[WHAT TO PRODUCE] Every line from the one with "Kuşadası’nda CHP Aydın" to the end of the listing, and nothing else, is to be printed exactly; please leave the pictures out.

[MATERIAL SUPPLIED]
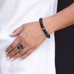 Spinel Bead Bracelet with Silver & Black Diamond Rondelle Cluster - 10mm
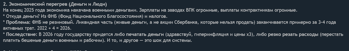 2. Экономический перегрев (Деньги и Люди) На конец 2025 года экономика накачана военными деньгами. Зарплаты на заводах ВПК огромные, выплаты контрактникам огромные. * Откуда деньги? Из ФНБ (Фонд Национального Благосостояния) и налогов. * Проблема: ФНБ не резиновый. Ликвидная часть (живые деньги, а не акции Сбербанка, которые нельзя продать) заканчивается примерно за 3–4 года активных трат. 2022 + 4 = 2026. * Последствие: В 2026 году государству придется либо печатать деньги (здравствуй, гиперинфляция и цены х3), либо резко резать расходы (перестать платить бешеные деньги военным и рабочим). И то, и другое — это шок для системы.
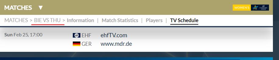 In der offiziellen Webseite der Champions League, ehfcl.com, ist immer noch zu lesen, dass das Spiel vom MDR übertragen wurde.
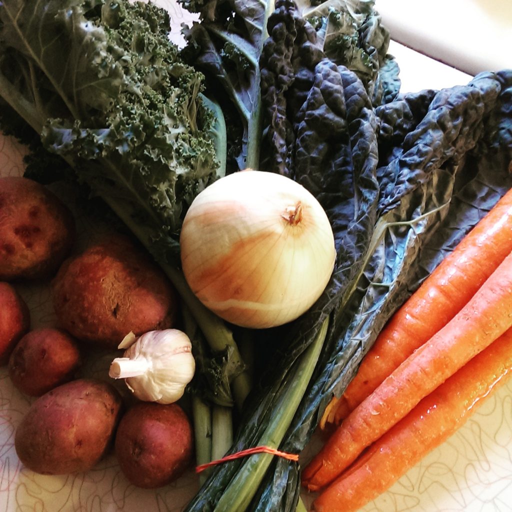 I’m not what most would consider a picky eater. I like Brussels sprouts, especially when roasted with bacon and butter, fresh beets (and fresh beats, too, now that you mention it!), mushrooms, squash of all types. But greens aren’t my favorite, especially when they’re cooked. So what to do with the kale in this week’s share? My first thought was to make kale chips in the oven. There are plenty of recipes out there. But there’s a mighty fine line between “crispy” and “burnt” for kale chips. So I changed gears, thanks to some inspiration from Epicurious. I punched kale and potatoes into the site’s recipe finder and got inspired by a few versions of kale and potato soup. The one that turned up was was a little heavy on the calories, so I searched a little more and settled on a recipe from Food & Wine. I added carrots because I traded with a friend — carrots from her garden for some of my hot peppers from Farmer Tom.
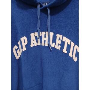 Vintage Gap Athletic Hoodie Mens Size Large Blue Terry Fleece Pullover Felt Letters Spellout Grunge Skater Athleisure Casual
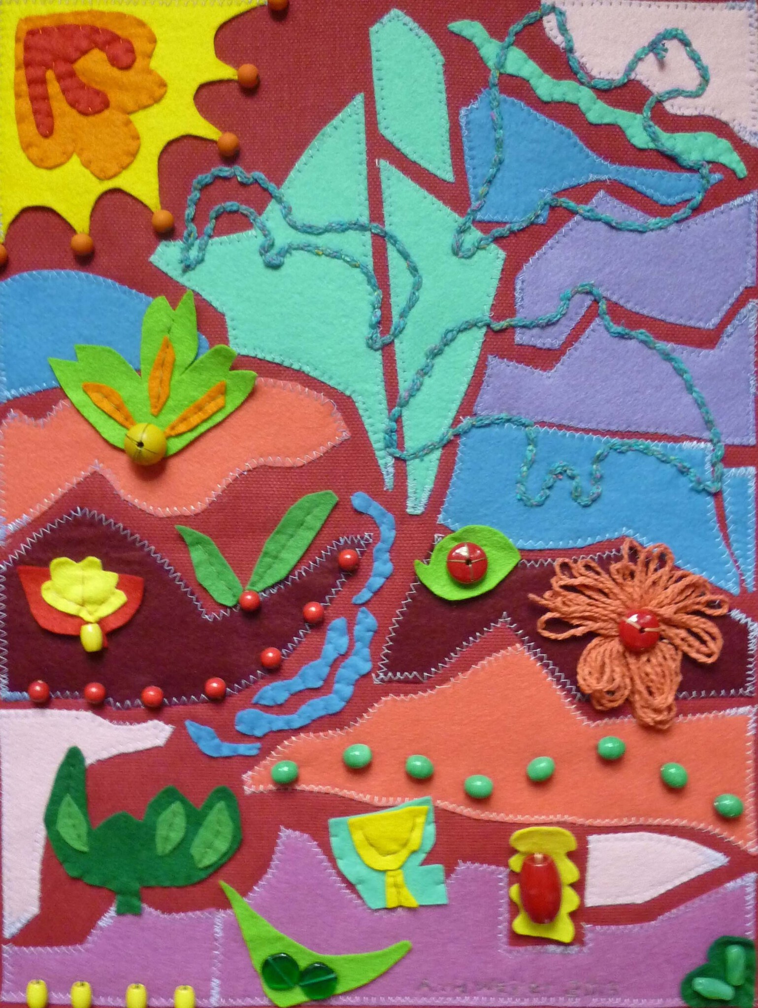 Wandkleed met landschap, gemaakt met onder andere linnen, vilt en houten kralen.
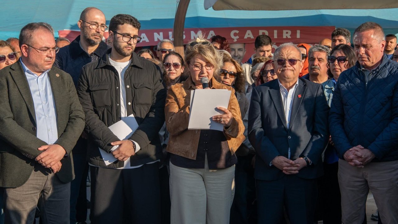 Kuşadası’nda CHP Aydın İl Başkanı Hikmet Saatçı, Kuşadası İlçe Başkanı Mehmet Gürbilek, İl Gençlik Kolları Başkanı Ufuk Gündoğdu, Germencik Belediye Başkanı Burak Zencirci, Kuşadası Başkan Vekili Tahsin Demirtaş, Kuşadası Belediye Başkanı Ömer Günel’in eşi Duygu Günel ve oğulları Ada Günel, belediye meclis üyeleri, partililer ve vatandaşlar Adalet ve Dayanışma Çadırında bir araya geldi. Silivri’de tutuklu bulunan Kuşadası Belediye Başkanı Ömer Günel’in mektubunu eşi Duygu Günel Kuşadalılarla paylaştı.
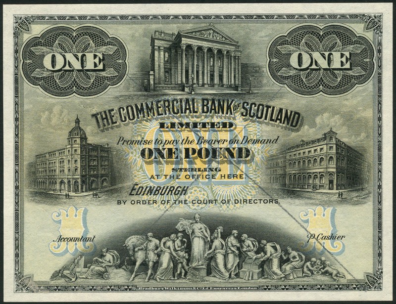 (†) The Commercial Bank of Scotland Limited, a specimen proof £1, ND (ca 1907), no serial numbers, no signatures, black on pale yellow underprint, views of Head Office building at upper centre, left and right, frieze of allegorical figures from pediment of Head Office building at lower centre, reverse blue, bank seal at centre

[EXERCISE ANSWER]
 Kuşadası’nda CHP Aydın İl Başkanı Hikmet Saatçı, Kuşadası İlçe Başkanı Mehmet Gürbilek, İl Gençlik Kolları Başkanı Ufuk Gündoğdu, Germencik Belediye Başkanı Burak Zencirci, Kuşadası Başkan Vekili Tahsin Demirtaş, Kuşadası Belediye Başkanı Ömer Günel’in eşi Duygu Günel ve oğulları Ada Günel, belediye meclis üyeleri, partililer ve vatandaşlar Adalet ve Dayanışma Çadırında bir araya geldi. Silivri’de tutuklu bulunan Kuşadası Belediye Başkanı Ömer Günel’in mektubunu eşi Duygu Günel Kuşadalılarla paylaştı.
 (†) The Commercial Bank of Scotland Limited, a specimen proof £1, ND (ca 1907), no serial numbers, no signatures, black on pale yellow underprint, views of Head Office building at upper centre, left and right, frieze of allegorical figures from pediment of Head Office building at lower centre, reverse blue, bank seal at centre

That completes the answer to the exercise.